- Origin: Pasadena, California
- Genres: Psychedelic rock, Experimental, Drone
- Years active: 1989–present
- Labels: Strange Attractors Audio House Emperor Jones Camera Obscura September Gurls Reverb Worship Stoned To Death Feathered Coyote Records Sunrise Ocean Bender Deep Water Acres
- Members: Eric Arn, Christoph Weikinger, Antonio Rosa de Pauli, Xavier Scholz

= Primordial Undermind =

Experimental/psychedelic rock band

Primordial Undermind is an experimental/psychedelic rock band, begun in 1988 when guitarist Eric Arn of Connecticut's Crystalized Movements (the 80's band of guitar hero Wayne Rogers of Major Stars, Magic Hour) moved to California, and continuing today in Austria. Arn initially went to London in 1989 to record demos with the Bevis Frond's Nick Saloman. These sessions produced "Swimming the Ultramoon" for the 1991 7" compilation "If I Could Hear You I Would Hit You" on Baby Huey.

The band has a policy of open, collective membership, leading to numerous lineups over the years. Their Los Angeles County residency from 1991 to 1995 produced the "Sferic Mandalas from the Ecclips'd Eye" 7" on Baby Huey, "Aenesthetic Revelations" 7" on Dionysus, and a full-length cassette on Shrimper Records called "And All Tall Monsters Stand". Two albums were released in 1994 and 1997: "Yet More Wonders of the Invisible World" on September Gurls of Germany, and "You and Me and the Continuum" on the Australian label Camera Obscura.

In 1996 the band relocated to Boston, appearing at the Deep Heaven festivals (which they in large part initiated), and the Ptolemaic Terrascope's Terrastock festival. In 1998 the group moved to the SF Bay area where they performed at Terrastock II and recorded PU's third album "Universe I've Got". This prompted the band's first tour, where they were joined by Salamander (Minneapolis, MN) and Overhang Party (Tokyo) for a trip from west to east coast and back, including a stop at the Insidious Spectacle fest in Philadelphia.
1999 found the band moving to Austin, Texas. Here, a relatively spare quartet including guitarist Tom Carter (of Charalambides) recorded the Undermind's fourth album "Beings of Game P-U" and a full septet produced "Thin Shells of Revolution", for Austin's Emperor Jones label. The band appeared at SXSW (five times), and toured at various times with Kinski, Davis Redford Triad, and ST37.
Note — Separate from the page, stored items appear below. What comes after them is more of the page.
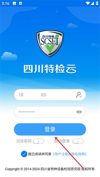 在完成信息填写与选项勾选后,点击【登录】按钮,即可完成【四川特检云】账号的登录操作。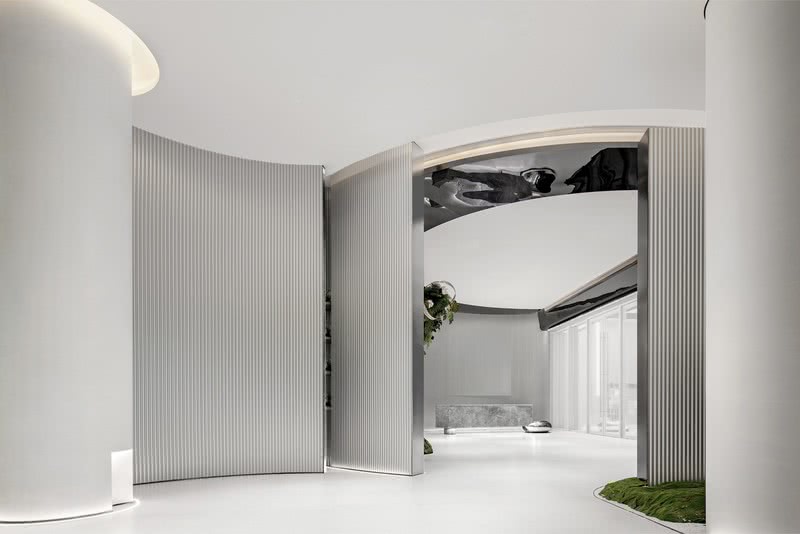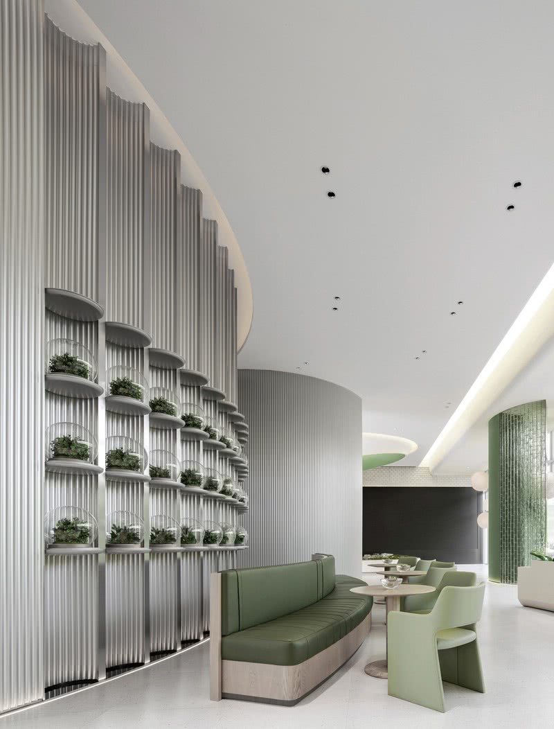 本次設(shè)計(jì)理念以樹洞象征著釋放、溝通及鏈接,是眾多童話故事或奇妙旅程的重要路引。以“樹洞”為空間的象征符號(hào),在有限的空間內(nèi)巧設(shè)門洞作為間隔,如迷宮般神秘吸引,令人衍生無限想象,不禁探索其中。穿梭行走在“綠光森林”里,人慢慢變小,本來在石頭上的一個(gè)個(gè)造型各異的弧形門洞變成了宮殿廊柱,墻上的金屬管狀燈成了疊加的光源,為人們照亮去往下一個(gè)空間的路。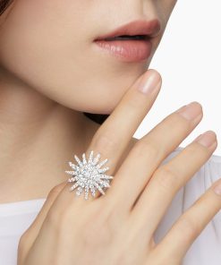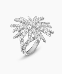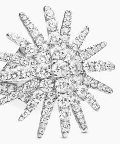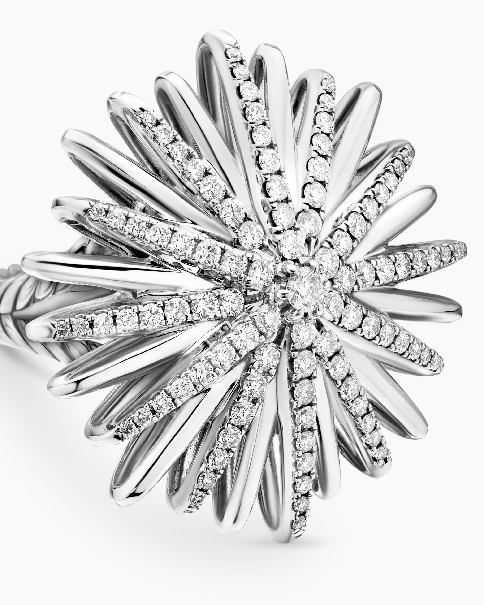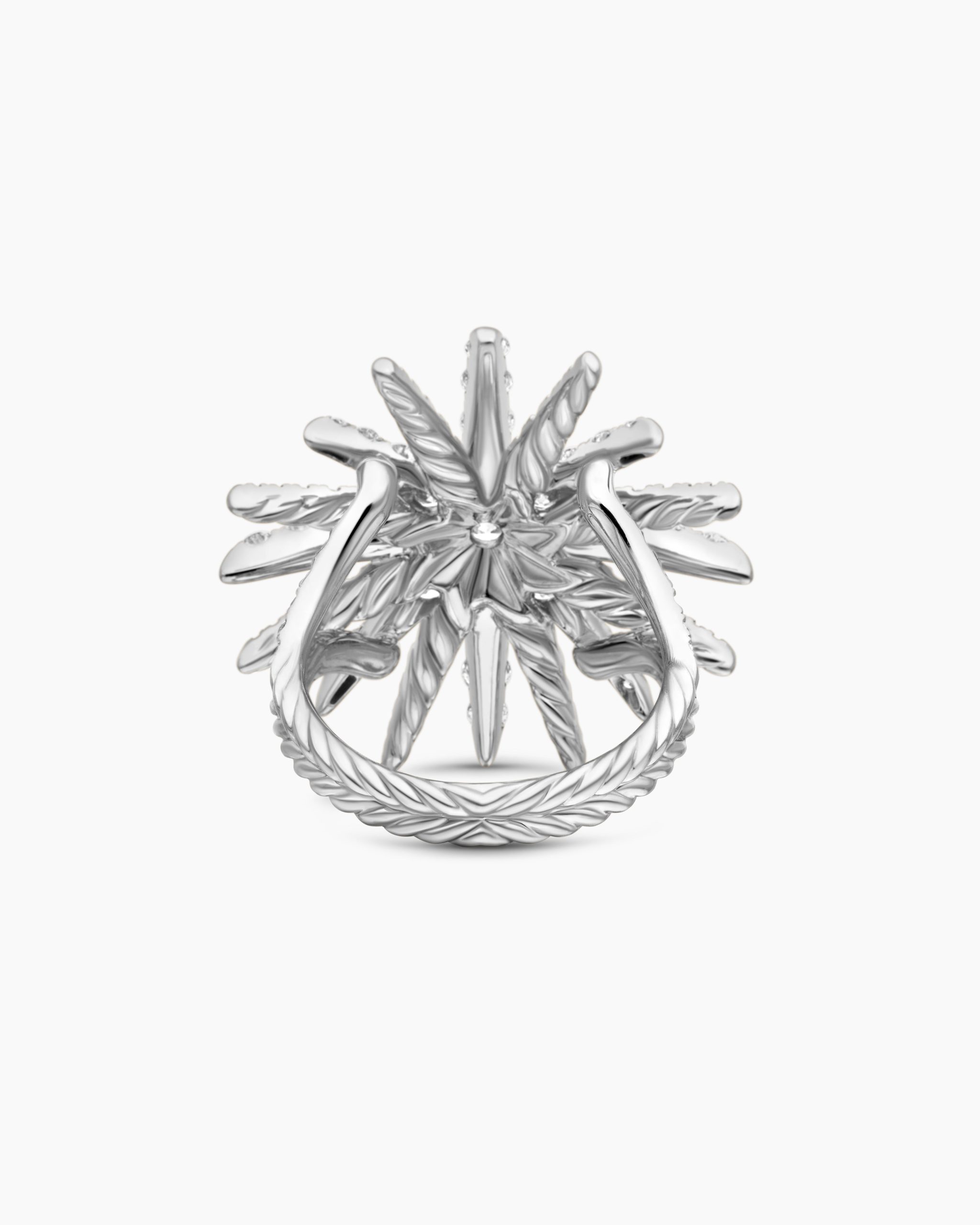 Starburst was born from David and Sybil Yurman’s experience watching fireworks illuminate the Paris night sky. The magical bursts of light greatly moved Sybil, inspiring David to create designs of brilliant star motifs. 18-karat white goldPavé diamonds, 2.75 total carat weightRing, 28mm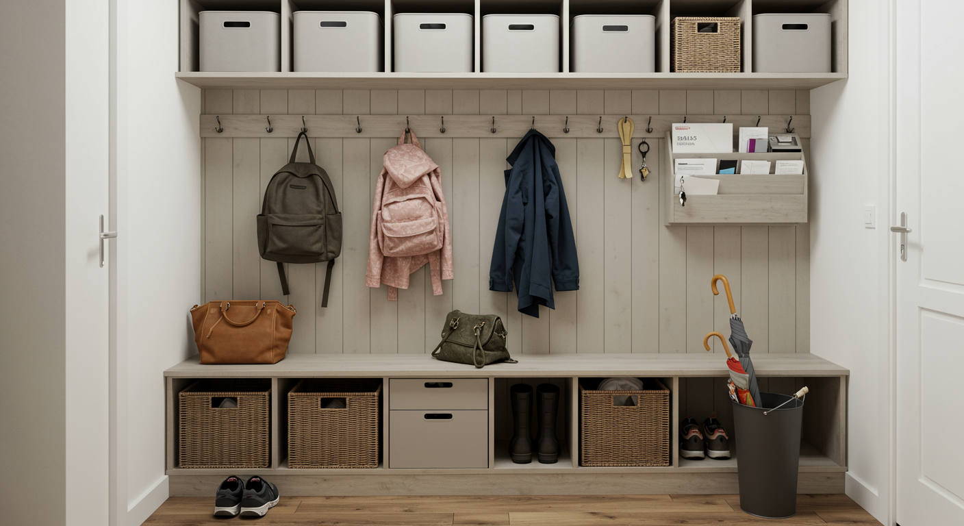 A mudroom collects far more than coats and shoes. It may also be a place where you drop your keys, your mail or the newspaper when coming inside. In rainy seasons, you may also have a wet umbrella on hand. The best way to corral all of these potential items is to have dedicated spaces for each type. For example, have a specific shelf or hook for keys, a wall-mounted mail organizer and a waterproof bucket for wet umbrellas and accessories. This way, you save space and keep everything in its place.

In 2005 the Undermind settled in Vienna, Austria. A series of recording sessions just before the move produced an album, "Loss of Affect" which was released on Strange Attractors Audio House in fall, 2006. Further touring of the US followed in 2007, of the UK in 2008 and 2011, and throughout Europe in 2007, 2008, 2010, 2012, and 2013. A new album, "Last Worldly Bond" was recorded live in Vienna at the infamous Amann Studios and released on Strange Attractors Audio House in early 2011. A limited edition live album "Live in Austin" was released by UK label Reverb Worship in May, 2013.

A collaborative improvised album with English noise-rockers Thought Forms followed on Reverb Worship in 2014. Two more live albums, recorded in 1997 and 2003, were released by Feathered Coyote Records in 2015–2016. Primordial Undermind's long-awaited latest studio album "An Imaginal Abydos" was released as an LP on the Sunrise Ocean Bender and Deep Water Acres labels in summer 2022, and has garnered rave reviews.